The first third of the Zeitgeist is dedicated to debunking christianity as a rehash of earlier pagan sun god worship. When I watched it for the first time, it made me very angry. I could only sputter about how it was wrong, but I had no real answers or proof as to why it was wrong. I began to read about pagan religions, especially goddess worship, and the oppressing force of christianity began to weigh down on me. There is no real respect for women in the bible. They have no place except to submit to their husbands and raise christian children, but I was reading about other religions where women had valid places in religion and huge roles in their communities, where women had influence and mattered. To the dismay of my husband, I began to frequent atheist websites and read essays on why the bible isn’t true, how it really came into being, and how creationism is bunk. I had christian science textbooks all through high school, so I felt I was behind a bit in regards to science and I wanted to catch up. My husband was resistant to the changes I was making in my life, but he became close friends with two atheists in the Navy and their discussions began to steer him towards my point of view.

Christianity is not what christians think it is and I am glad to no longer be a part of it. My new way of thinking gives me peace and clarity that I never had from christianity. I am done with the guilt and the fear. I am learning to accept myself and love myself the way I am now, and my eating disorder has been in remission for quite some time. My husband initially thought my rejection of christianity was based on the issues I have with my parents, which are much more in depth and much more personal than I can share here. But to reject a religion because of a bad experience with its adherents would be foolish. I reject christianity because it isn’t true. Plain and simple.

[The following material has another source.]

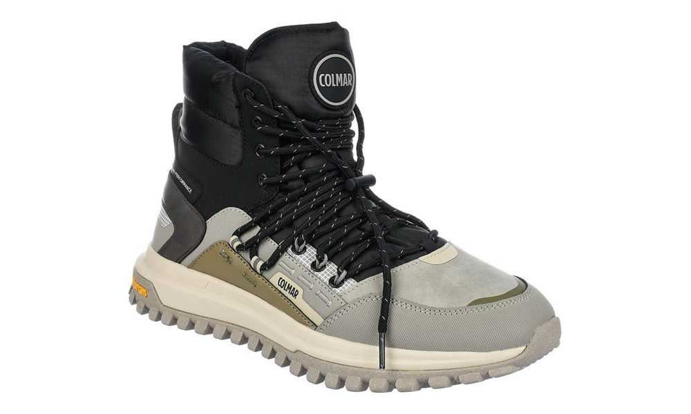 Męskie śniegowce marki Colmar o futurystycznym fasonie. Cholewka sięgająca do połowy łydki została wykonana z materiałów o różnej fakturze, z wzmocnieniami w kluczowych partiach. Jest ona odporna na warunki atmosferyczne. Buty osadzono na wysokiej, piankowej podeszwie wykończonej gumą Vibram, która zadba o przyczepność i amortyzacje.

After 18 years in the church, I am no longer a christian. I would say that I am a pantheist, that I believe there is value and spirit in all living things. When people ask me my religion, I identify as pagan. I realize most of the people posting here are no longer religious, but to me paganism is a way of life that respects all living things. My husband has left christianity as well, and joined the Quakers. I began reading essays by people who left christianity on this site about 4 months ago, and I am glad to add my story to theirs.